The days crawled by like the lady bug on the windowsill. Sunday, Monday, Tuesday, Wednesday… finally it was Friday night; tomorrow was the day. She was going horse-back riding. Her eyes closed, her head overflowing with anticipation and wonderment. Her dreams were fitful but sweet – full of horses and cowboys.

There is a space, a void, a gap that exists in all anticipation and remembrance. There is an ideal joy that exists when looking forward and when looking back. It’s like a thirsty-ness or an empty space. Nothing quite satisfies, nothing quite fills. We are fooled into thinking it’s waiting down the road, or we lost it with the innocence of childhood.

When the girl grew she experienced the same things, but in regards to totally different situations. The party, college life, friendships, places. After a while she squelched the anticipation or what could be called, the “inkling of pure joy”. There was a deepness that longed for something so deep and true – pure joy. All of life was only a drop in the bucket. She was craving it, but why waset life wishing for something that didn’t seem to exist.

Day dreaming one day, she remembered the Christmas and the day she went horseback riding. Nostalgia and an almost perfect joy came to mind. But she knew it wasn’t true. Never had those longings been fulfilled – they had only been glimpsed in anticipation and remembrance.

If I discover within myself a desire which no experience in this world can satisfy, the most probable explanation is that I was made for another world” - C.S. Lewis

Yes, I’m “wasting my life” for something that does exists -- Jesus is my anticipation and remembrance; my home.

Monday, April 5, 2010

Storm

Tired of the fight, tired of the battle.

These people scrape wounds I forgot I had, they touch deeply embedded thorns that were forgotten.
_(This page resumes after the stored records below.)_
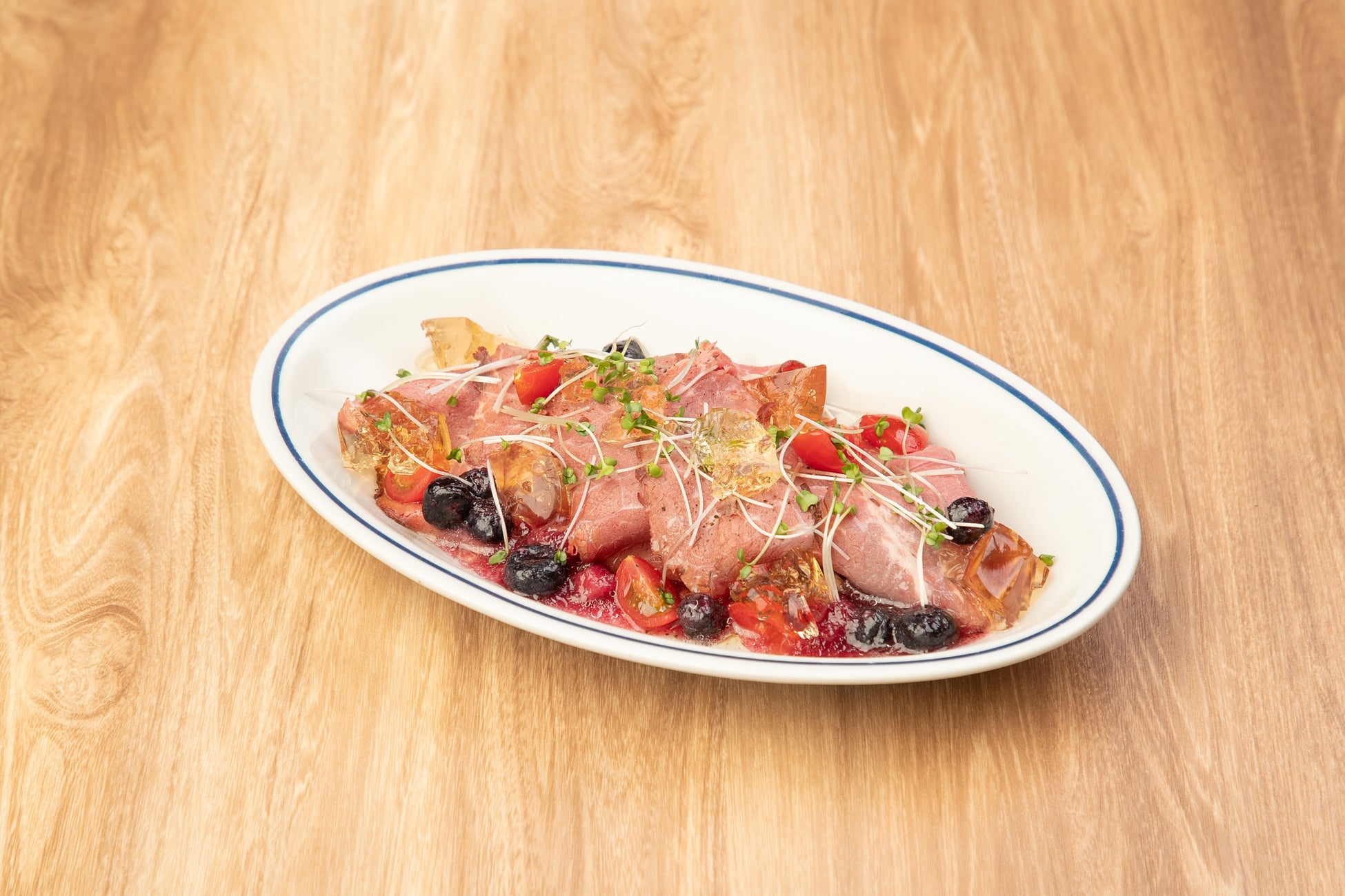 きびオリゴのほんのりした甘さを活かしたジュレ で、ローストビーフをカルパッチョに仕立てました。ベリーの酸味も加わり見た目以上に さっぱりと爽やかにお召し上がりいただけます。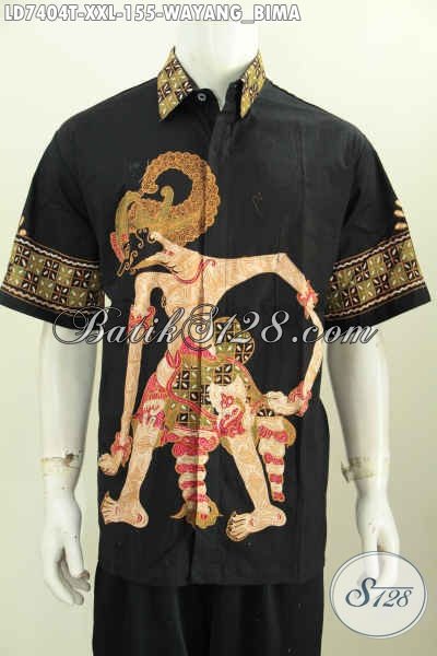 Produk Baju Batik Elegan Dasar Hitam Lengan Pendek Motif Wayang Bima, Hem Batik 3L Bahan Halus Proses Tulis Untuk Lelaki Gemuk Terlihat Gagah [LD7404T-XXL]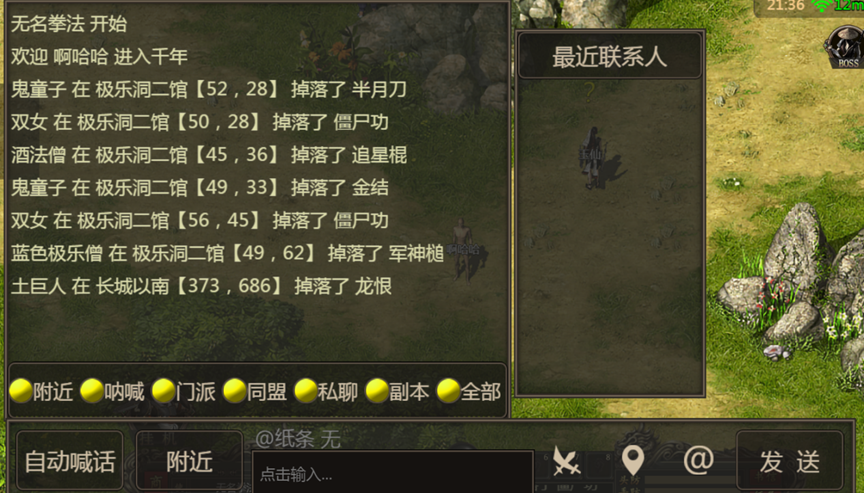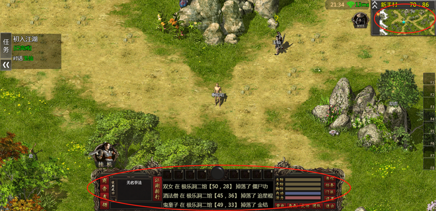 6、中下方有怪物掉落和聊天面板,点击可以查看掉落或与同一服务器的玩家聊天交流,聊天框上面会显示可操作提示内容。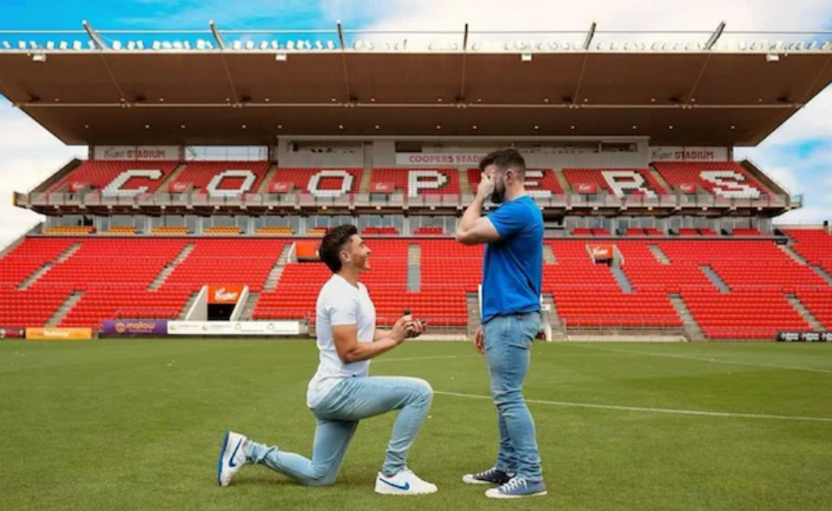 Mr and Mr coming soon: खेल के मैदान में यूं तो अक्सर अजीबोगरीब चीजें देखने को मिलती रहती है, जिनके वीडियो और फोटो सोशल मीडिया पर वायरल होने में जरा सी भी समय नहीं लगाते. हाल ही में कुछ ऐसा ही नजारा देखने को मिला ऑस्ट्रेलिया में, जहां एक फुलबॉलर खिलाड़ी ने खाली स्टेडियम में घुटने के बल बैठकर सरेआम अपने पार्टनर को प्रपोज कर दिया, जिसके बाद उनके फोटो इंटरनेट पर छा गए.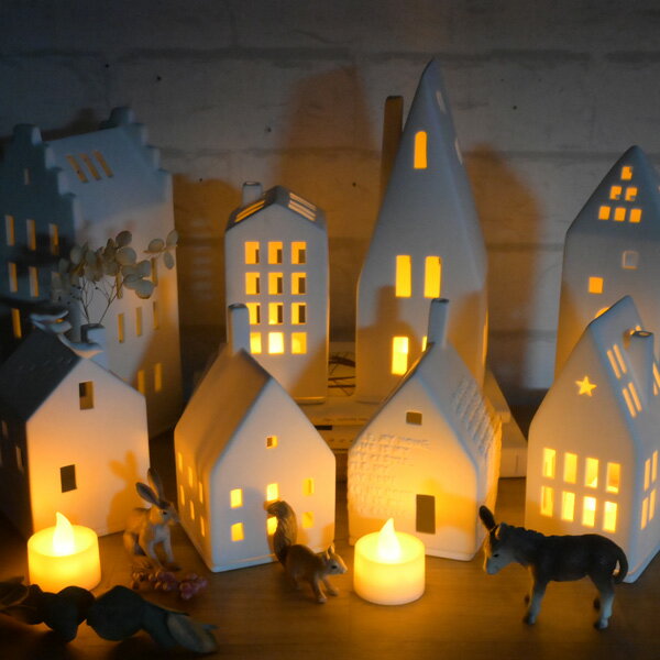 【商品概要】 とんがり屋根のお家の磁器製キャンドルホルダーです。 中から漏れ出すキャンドルの灯りは、見ているだけで心が癒されます。 窓の形や位置など、四面全て異なります。 中にLEDキャンドルを入れてご使用ください。 ※LEDキャンドルは付属しておりません。 ※本物のキャンドルのご使用はお控えください。 キャンドルを入れずにそのまま飾るだけでも、可愛いインテリアになります。 すっきりとしたデザインと色合いは、お部屋の雰囲気を邪魔しません。 暗い部屋の中に浮かぶお家のシルエットとキャンドルの灯りは、幻想的な雰囲気を生み出します。 【ご使用上のご注意】 ※手作業でくり抜いているため歪みやバリが残っている場合がございますが不良品ではございません。 ※小さな黒い点が見られる場合がございますが、不良品ではございません。 ※本物のキャンドルのご使用はお控えください。煤で黒く汚れたり、本体が熱くなり火傷をする可能性がございます。 ※LEDキャンドルは付属していません。 ※モニター環境により、色味が違って見える場合がございます。 --------------------------- サイズ/ 約6×6×高さ20.5cm 材質/ 磁器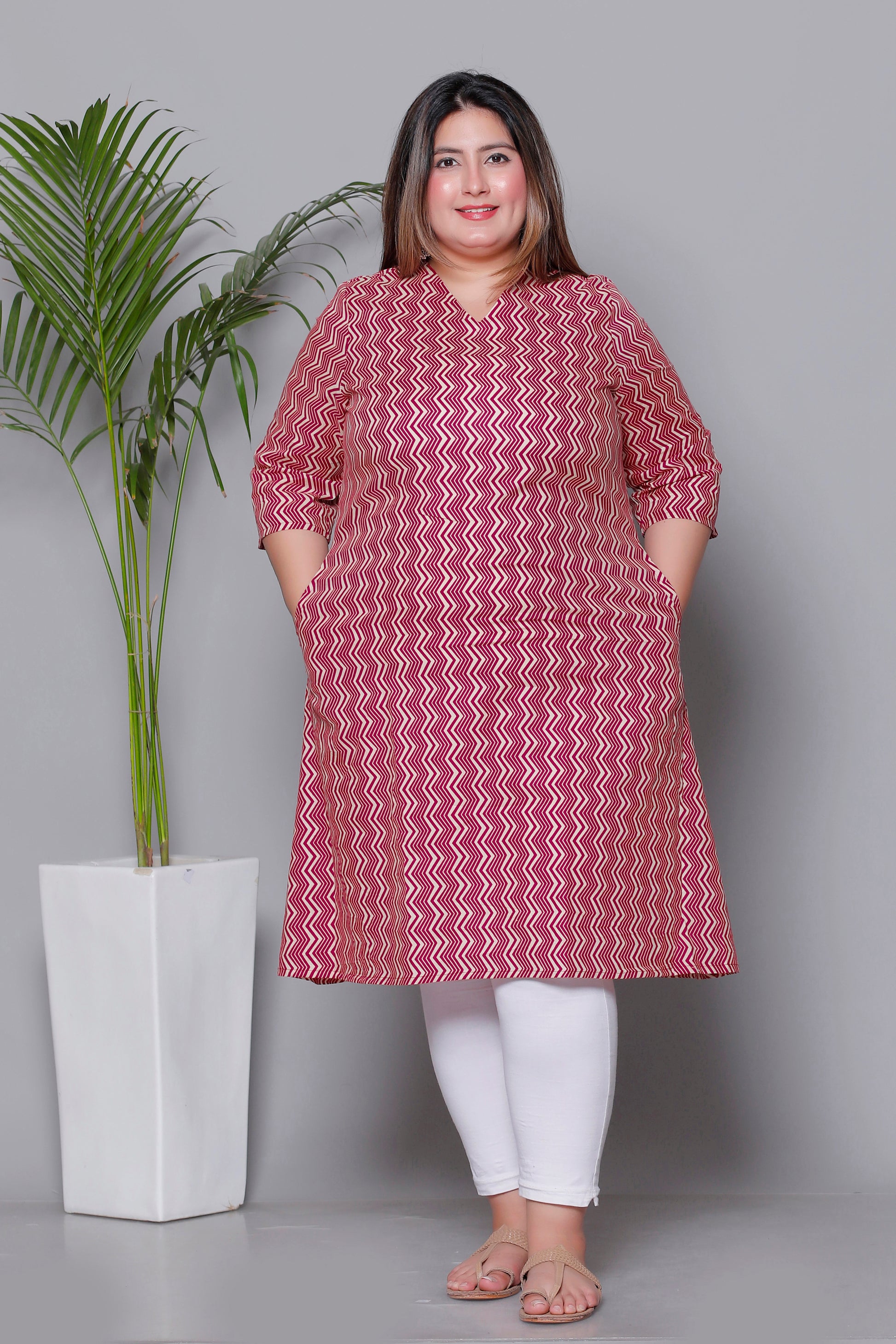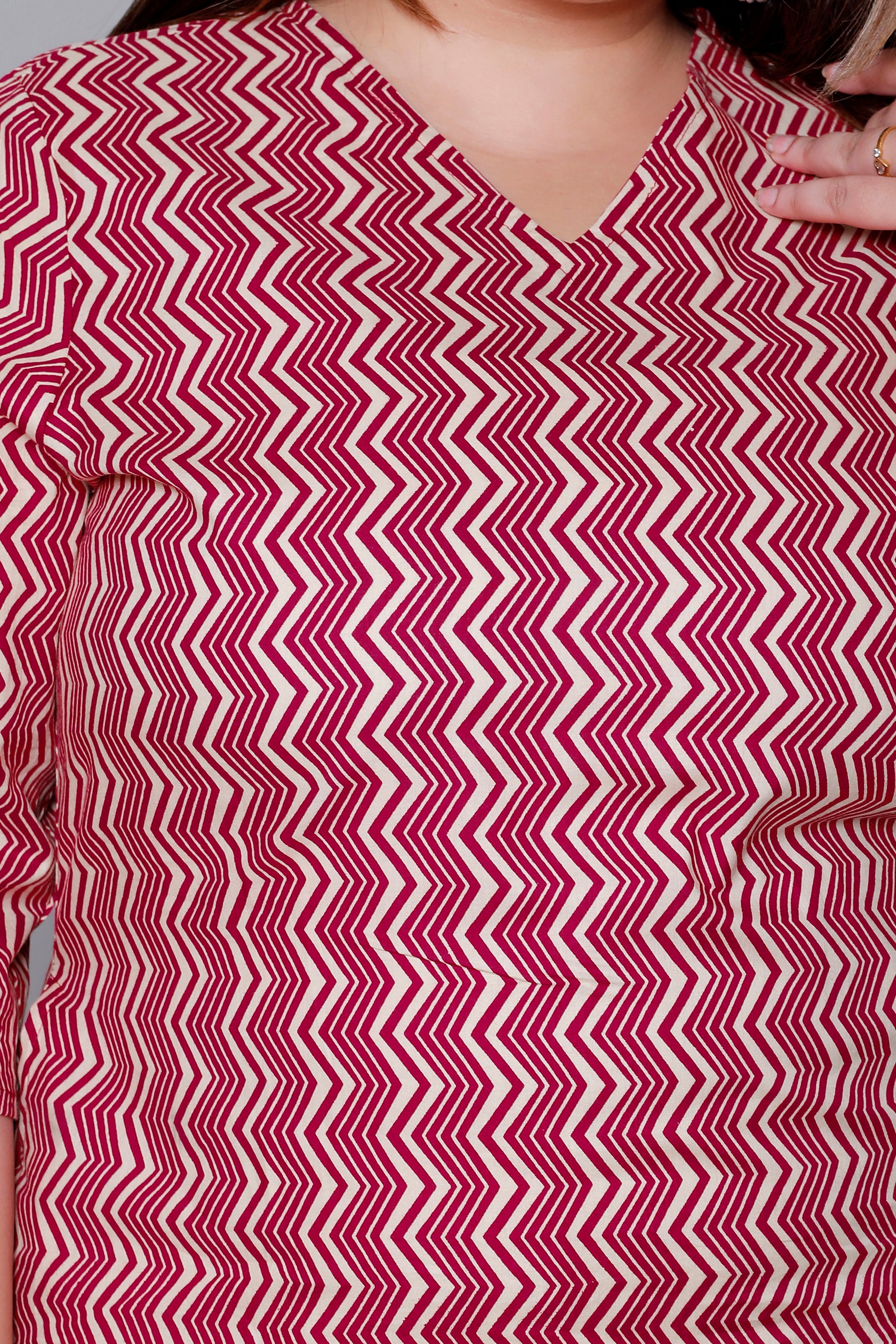 Sleeves: 3/4th Sleeves with matching chevron print

Lord, you are calling me. You are asking me to come into your presence. Weary, heavy laden. You give rest. You, the healer of the broken, sustainer of the weak, lover of souls. You, abba call me in this darkness, this storm.

I've begged, I've cried, I've shouted. I hate this storm..... but if it means more of you Abba. It's worth it.


"My child, ask not for the storm to be calmed, but to find me in the storm."